Like rich people, Muv told the children, some people could not help being naughty. Diana and Decca readily agreed and nodded in unison.
‘Well, let’s say we forget the whole ghastly business of Delphine Ale-Stout,’ Nancy tossed the letter onto the fire.
‘Whatever do you mean?’ Decca jumped to her feet. ‘Natty isn’t Delphine Ale-Stout. She simply had no note-paper and the Paget twins came to the rescue.’ With great difficulty she retrieved the half-singed letter from the fire. ‘Money for an old war debt, love Natty,’ she read aloud.
Blor sniffed. ‘The Paget twins, eh?’
Five minutes later there was a knock on the door and Mabel entered, bearing another letter from Delphine Ale-Stout.

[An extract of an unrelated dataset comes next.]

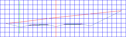 請注意此樁號處的超高變化。對凹陷中央次組合使用「中心線軸」選項將使車道和路肩在中心線溝渠上方某點附近超高。靠車道地形放置的直線邊緣將經過縱坡點。
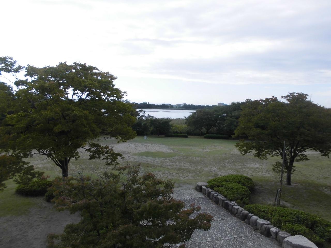 木の隙間から鳥屋野潟が見えました。

It was an odd letter, quite rambling in its tone. ‘Dearest Nancy Freeman-Mitford. I don’t know who you are. I have never heard of you. I was impersonated by an old governess wishing to seek revenge and destroy my reputation. Please don’t write back. I have blacklisted you.’
Nancy did not throw the letter onto the fire or tear it up. She added it to her pile of correspondence. ‘One day I shall publish a book of letters, you’ll see,’ she told her disbelieving family.
They all laughed and forgot about the non-U escapade that was Miss Delphine Ale-Stout.
‘One last thing,’ Muv interrupted the jovial scene. ‘What else did Natty say?’
‘Oh,’ Decca beamed, ‘she promised to introduce me to her grandson, Esmond Romilly.’
There were floods. Absolute floods.

(Apologies for WordPress’s lack of formatting. It is too, too sickmaking!)